Items from a dataset:

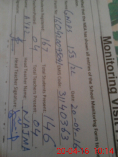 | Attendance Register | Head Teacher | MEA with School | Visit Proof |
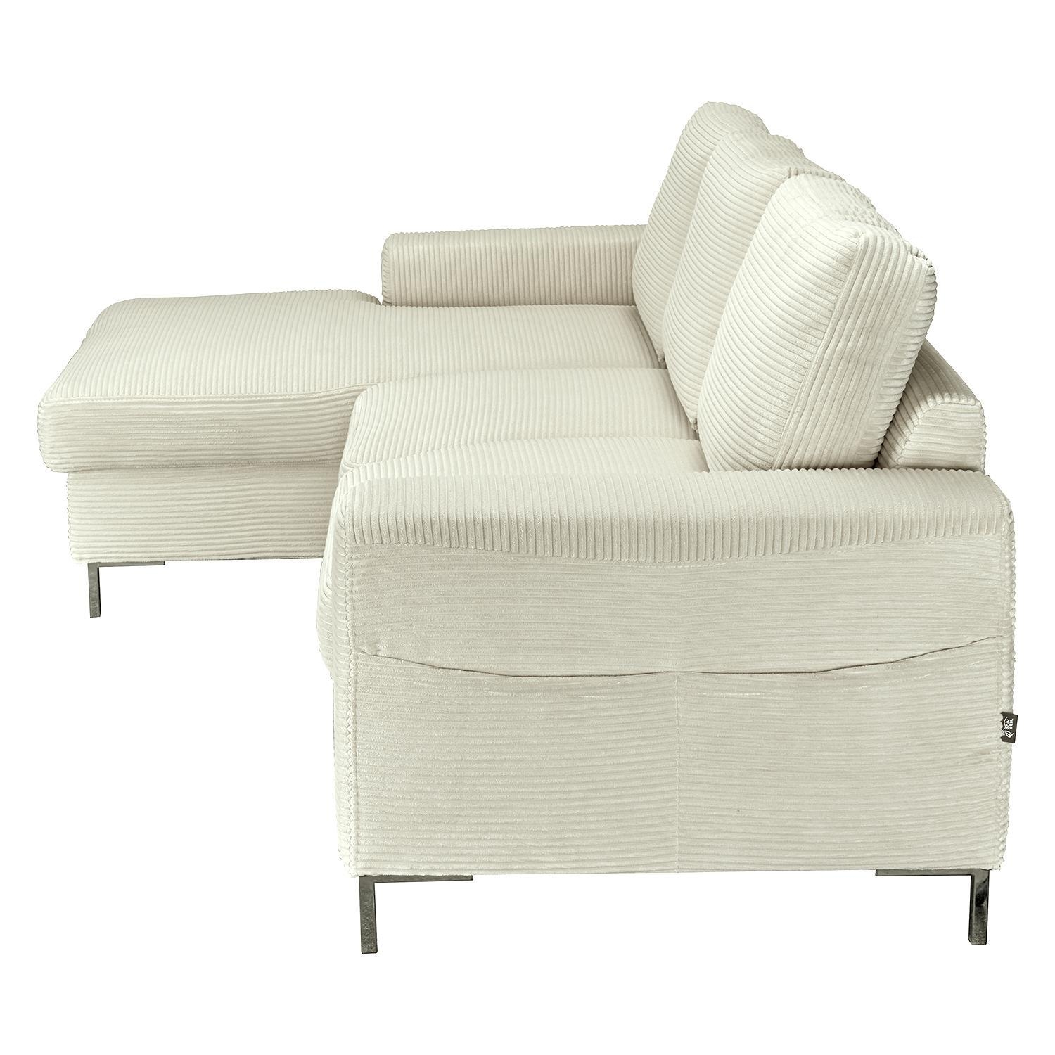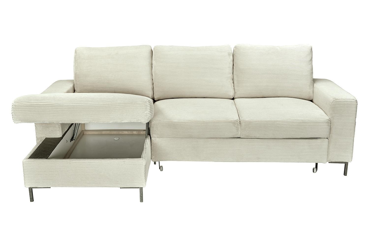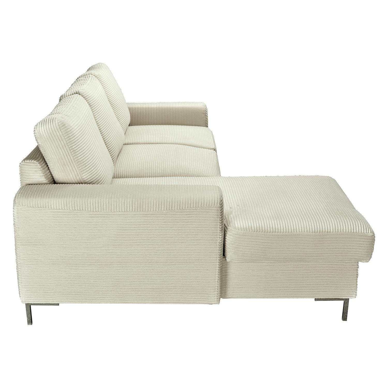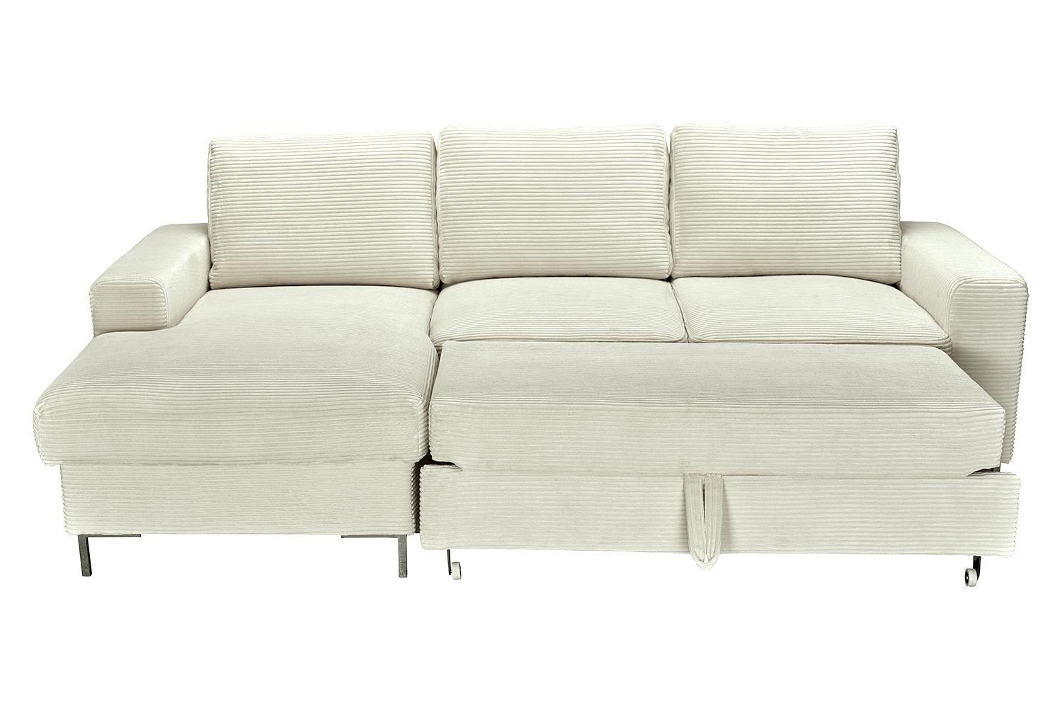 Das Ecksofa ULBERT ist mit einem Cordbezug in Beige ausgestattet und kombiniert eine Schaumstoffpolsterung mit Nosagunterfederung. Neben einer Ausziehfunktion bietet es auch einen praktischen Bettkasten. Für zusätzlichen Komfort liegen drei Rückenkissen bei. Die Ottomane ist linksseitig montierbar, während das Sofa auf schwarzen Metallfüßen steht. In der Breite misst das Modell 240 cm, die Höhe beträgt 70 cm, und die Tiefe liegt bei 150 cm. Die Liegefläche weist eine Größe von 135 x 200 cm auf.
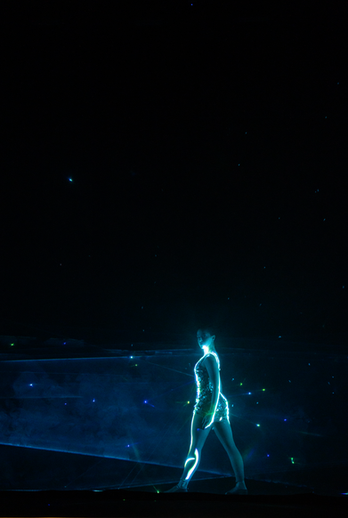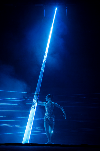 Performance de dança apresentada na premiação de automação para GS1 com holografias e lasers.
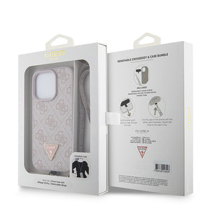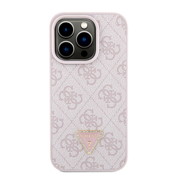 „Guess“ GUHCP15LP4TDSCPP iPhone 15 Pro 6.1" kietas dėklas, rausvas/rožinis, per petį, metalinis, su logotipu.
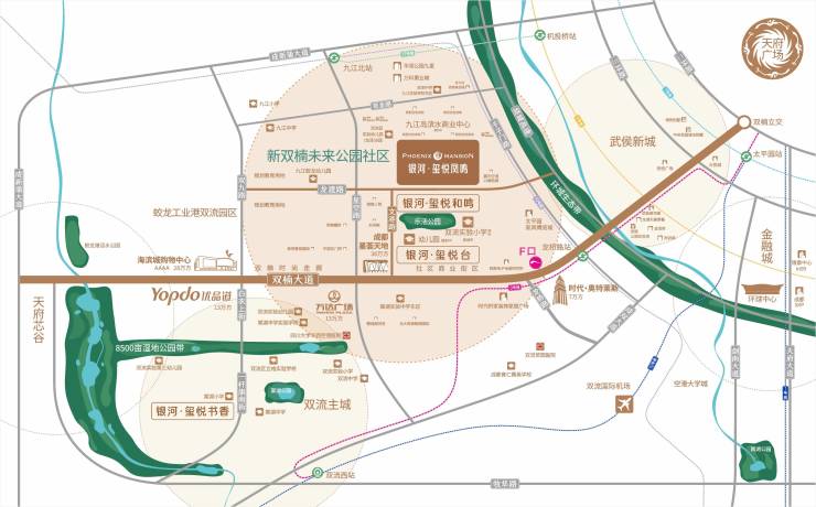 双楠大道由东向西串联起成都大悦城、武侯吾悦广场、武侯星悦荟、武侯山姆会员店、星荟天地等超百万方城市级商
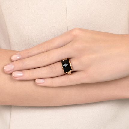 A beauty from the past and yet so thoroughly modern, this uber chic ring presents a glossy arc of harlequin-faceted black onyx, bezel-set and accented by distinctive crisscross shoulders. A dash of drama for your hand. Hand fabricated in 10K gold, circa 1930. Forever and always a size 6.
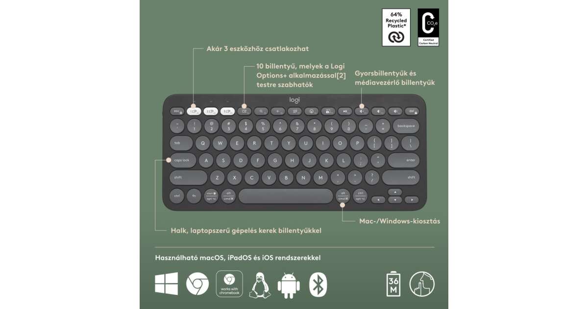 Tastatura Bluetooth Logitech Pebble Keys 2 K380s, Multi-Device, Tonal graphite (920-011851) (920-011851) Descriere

TASK TO COMPLETE: Each line from the first line of the entries through the line containing "Das Ecksofa ULBERT" should be duplicated word for word, and nothing more; the pictures stay out.

ANSWER FOR THE TASK:
 | Attendance Register | Head Teacher | MEA with School | Visit Proof |
 Das Ecksofa ULBERT ist mit einem Cordbezug in Beige ausgestattet und kombiniert eine Schaumstoffpolsterung mit Nosagunterfederung. Neben einer Ausziehfunktion bietet es auch einen praktischen Bettkasten. Für zusätzlichen Komfort liegen drei Rückenkissen bei. Die Ottomane ist linksseitig montierbar, während das Sofa auf schwarzen Metallfüßen steht. In der Breite misst das Modell 240 cm, die Höhe beträgt 70 cm, und die Tiefe liegt bei 150 cm. Die Liegefläche weist eine Größe von 135 x 200 cm auf.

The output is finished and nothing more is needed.